3. Kyrie Irving (21 years old) – The general public seems to have forgotten just how special (brief reminder) this former Blue Devil is just because he isn’t still playing. He’s a high level athlete that has playmaking abilities and instincts than cannot be taught. Since leaving college, Irving has scored 1.25 points per FGA while Conley has averaged 1.20 over the same stretch.
4. Stephen Curry (25 years old) – Yes, I’m buying this postseason breakout to a greater degree than that of Conley. We all know that Curry has arguably the sweetest stroke we’ve ever seen, but he is far from a one trick pony. In fact, the baby-faced Curry has muscled up for 30% more rebounds than Conley over his career and holds the edge in steals per game.

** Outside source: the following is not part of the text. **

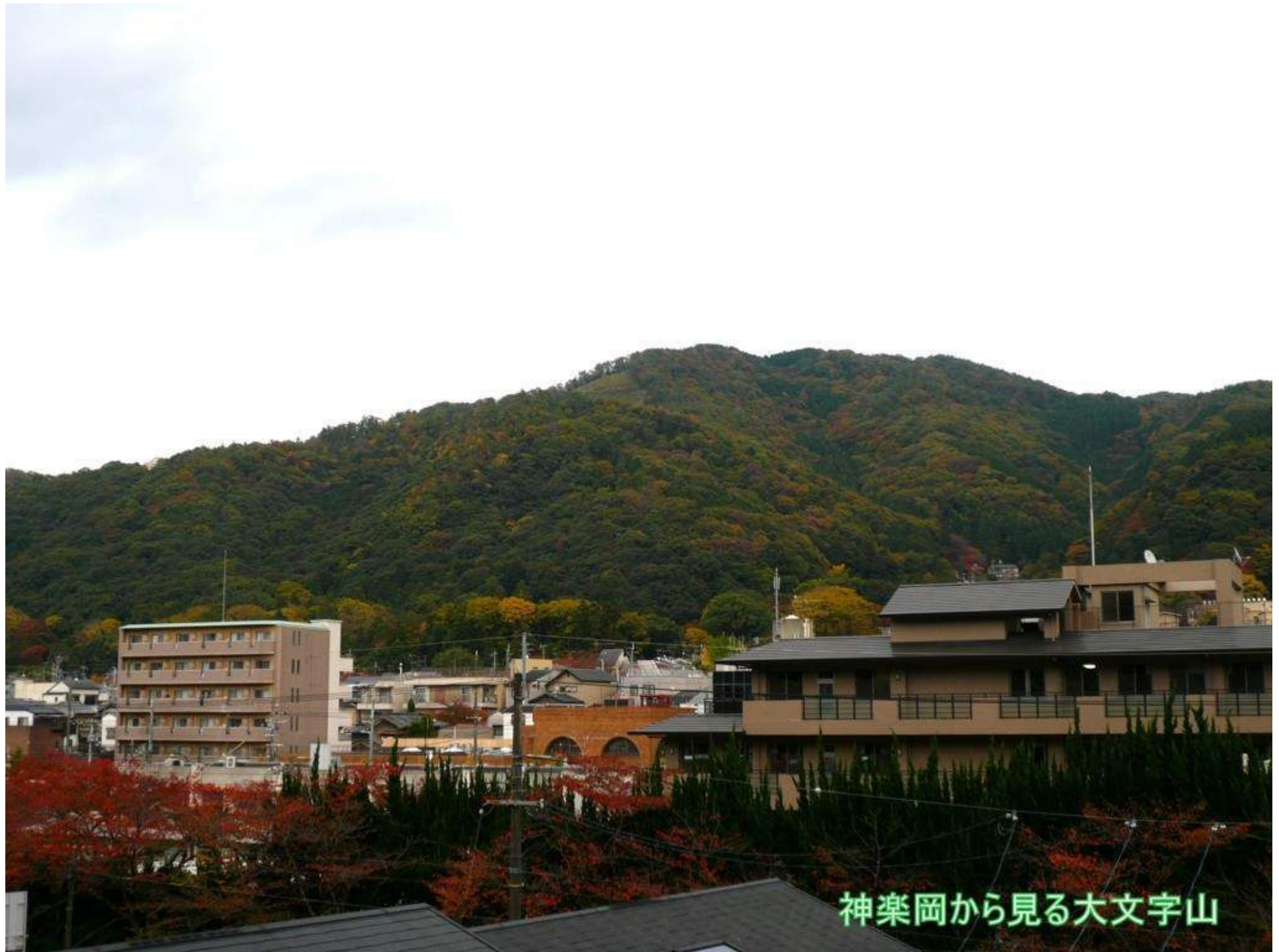
神楽岡から見る大文字山

5. Derrick Rose (24 years old) – Say what you will about this season, but Rose at full health is as tough a cover a there is in the league. His size and athleticism demand the attention of the opposing team’s best defender (players like Tony Allen), thus creating mismatches for his teammates. All you have to do is look at his 2010-2011 season to realize that his ceiling is significantly greater than that of Conley. In Rose’s MVP campaign he scored 2,026 points, a 70 point edge over Conley’s total number of points scored in the last two seasons combined. Scoring is his greatest attribute, but he does average 23.6% more assists per game over his career than the Grizzlies’ guard.

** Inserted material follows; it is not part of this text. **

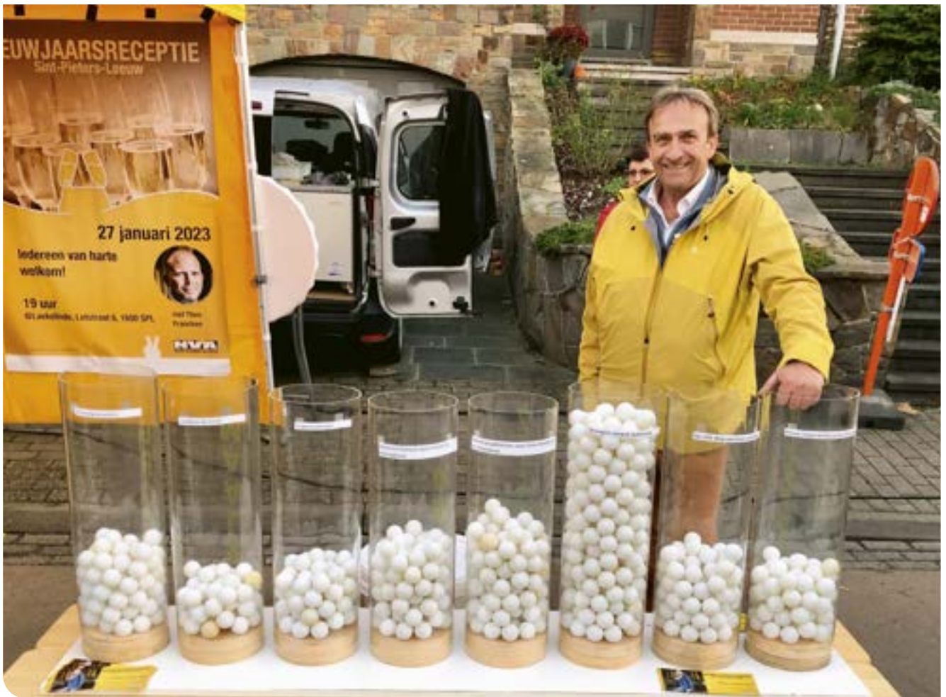
Tijdens de jaarmarkt in Sint-Pieters-Leeuw gaven de inwoners aan dat we blijvend moeten inzetten op de strijd tegen zwerfvuil.

OK, so that settles the debate over the top five point guards in the league today. Conley has been excellent this postseason and is developing into a very good point guard, but he simply isn’t in the class of the five listed above. I’d listen to an argument at placing him anywhere in this next tier of PG’s, but I’ve got him sandwiched between Holiday and Williams.

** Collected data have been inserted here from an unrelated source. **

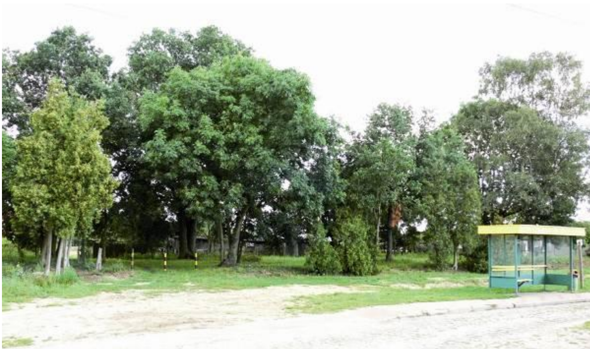
Cmentarz zlokalizowany przy drodze Jasienica – Trzebież, za przystankiem autobusowym.
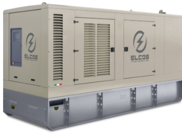
Imagine cu scop demonstrativ
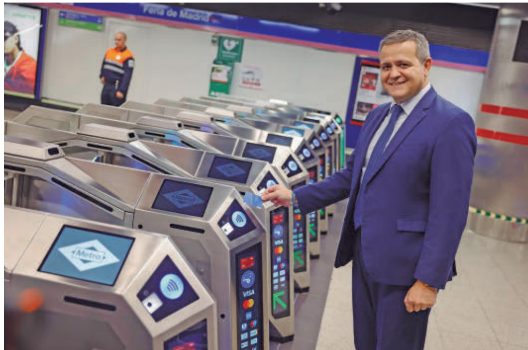
El consejero de Transportes prueba el nuevo pago con tarjeta

Todas las estaciones incorporarán estos dispositivos preparados para validar títulos de transporte mediante códigos QR, ampliando así las opciones de acceso y
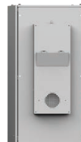
Scambiatori di calore

L'unica unità del settore a offrire un grado di protezione IP66 e IP69.
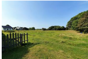
Sie treten aus der Wohnung und befinden sich in der Marsch.
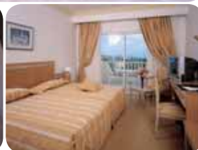
HOTEL GARDEN PARK
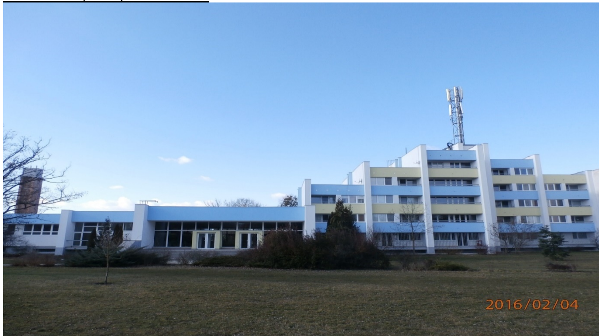
budova školského internátu – súpisné číslo 54

6. Rajon Rondo (27 years old) – It is entirely possible that Conley is playing at a top-five level (based on his hot streak and the rash of injuries among the PG’s ranked above him), but that wasn’t the quote. Rondo is the best table setter in the league (149 more assists than Conley over the past two season despite playing 51 fewer games) and among the best defensive options at the point. Those qualities are well known, but did you know that since Conley entered the NBA in 2007-2008, Rondo actually averages more FGM per game (5.02 to 4.60)?
7. Tony Parker (30 years old) – The elder statesmen of this strong crop of point guards will turn 31 in less than a week, but Parker is showing more signs of improvement than decline. His experience is a factor that cannot be measured statistically, so let’s stick with some numbers. As a five-star recruit, Conley was part of a loaded Ohio State team that lost in the national championship. During that season, Conley shot 51.8% from the field against comparatively inferior competition for the most part. Parker has shot a higher percentage from the field than that in two of the last three seasons.
8. Ty Lawson (25 years old) – His choice in headband style may be declining, but every other statistic is on the uptick for this road runner. In each season of his budding career, Lawson has increased his point, assist, and steal totals. His extreme speed is an advantage he holds over nearly every point guard in the league, making the fact that he owns a better career 3P% than Conley icing on the cake. I trust Lawson’s ability to penetrate/create a bit more and believe that he is a slightly tougher matchup on the perimeter.
9. Jrue Holiday (22 years old) – It is easy to forget just how young the 76ers leader is, especially when you consider the increasing maturity of his game. This past season saw Holiday tally 17.7 points and 8.0 assists on a nightly basis, numbers that may define the ceiling for Conley. When comparing Holiday’s 2012 season totals with the totals from when Conley was 22 years old (424 more points and 200 more assists), it is clear that Holiday is on the fast track to ascend to the top of this second tier. After a strong campaign in his first season as the 76ers go-to player, Holiday proved more than capable, a quality that is hard to find in players (especially point guards) his age.
10. Deron Williams (28 years old) – It feels like DWill was atop this list not very long ago, and while he has dropped off a bit, he still deserves to be considered a strong option. He has developed a lethal outside game (169 3PM this season, three more than Conley over the last two seasons), allowing him to stretch defenses and thus create single coverage situations in the paint. Williams has a higher scoring upside than Conley but lacks general consistency on both ends to still be considered with the best PG’s in the league.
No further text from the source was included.